なお、小屋にもエアリアマップにも「水場は流水」とあったが、水場の案内表示は福川の河原でなくなってしまい驚く。もっと上流か枝沢の水を引いてあるのかと思っていたが「流水」が福川の本流とは・・・。地形図やエアリアを広げこの水系に小屋の汚水が混入する虞がないことを確認して一安心(百間洞小屋は尾根の反対側の沢(百間洞)沿いにある)。

午後は洗濯したり河原遊びをしたりして過ごす。日差しは強いが、水は綺麗だし、意外に虫も少なく快適だった。

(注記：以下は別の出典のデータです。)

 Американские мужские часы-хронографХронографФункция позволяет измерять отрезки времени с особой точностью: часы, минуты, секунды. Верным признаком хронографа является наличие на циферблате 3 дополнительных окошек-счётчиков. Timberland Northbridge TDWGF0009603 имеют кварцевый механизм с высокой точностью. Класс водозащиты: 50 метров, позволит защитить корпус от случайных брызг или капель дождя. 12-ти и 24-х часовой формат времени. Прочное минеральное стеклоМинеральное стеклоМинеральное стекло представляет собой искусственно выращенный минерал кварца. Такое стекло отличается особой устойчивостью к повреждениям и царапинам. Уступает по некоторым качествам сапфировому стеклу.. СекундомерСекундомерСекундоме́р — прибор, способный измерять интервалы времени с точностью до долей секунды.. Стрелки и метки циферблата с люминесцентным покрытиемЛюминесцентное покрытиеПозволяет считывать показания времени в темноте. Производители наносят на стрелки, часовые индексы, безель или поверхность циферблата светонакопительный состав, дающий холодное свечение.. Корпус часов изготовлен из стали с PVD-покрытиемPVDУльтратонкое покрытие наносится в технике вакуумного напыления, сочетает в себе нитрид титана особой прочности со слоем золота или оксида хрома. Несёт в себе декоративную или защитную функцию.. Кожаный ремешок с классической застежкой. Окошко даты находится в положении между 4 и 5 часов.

夕刻になって2人パーティーが登ってきた。やはり小渋川にてこずった様子だった。

8/8(日)曇り時々晴れ
4.下山

広河原小屋幕営地(福川河原)730--福川渡渉点742--キタ沢出合805--キタヤマ沢出合?840--(腰位の渡渉・ロープ使用)--高山沢出合925/27--(腰位の渡渉・ロープ使用)--榛沢出合1040/45--(河原歩き〜左岸の砂防工事道路)--七釜橋1112--(写真)--小渋湯跡1135--湯折登山口1150

()復路は中州歩きで少し時短(広河原〜高山沢出合)
尾根と違い沢は夜明けが遅いこともあるが小渋川の下りだけと思うとついつい寝坊してしまう。
朝から雲の多い天気だが何とか午前中は持ってもらいたいものだ。半乾きの衣類を着るのは気持ちが悪かったがどうせすぐ濡れるのだから我慢。
準備を整え730に漸く出発。小屋経由だと土手を登らなければならず、渡渉点まで福川の河原を下ってみるも、このゴーロ歩きは時間も労力も小屋経由と大差なかった。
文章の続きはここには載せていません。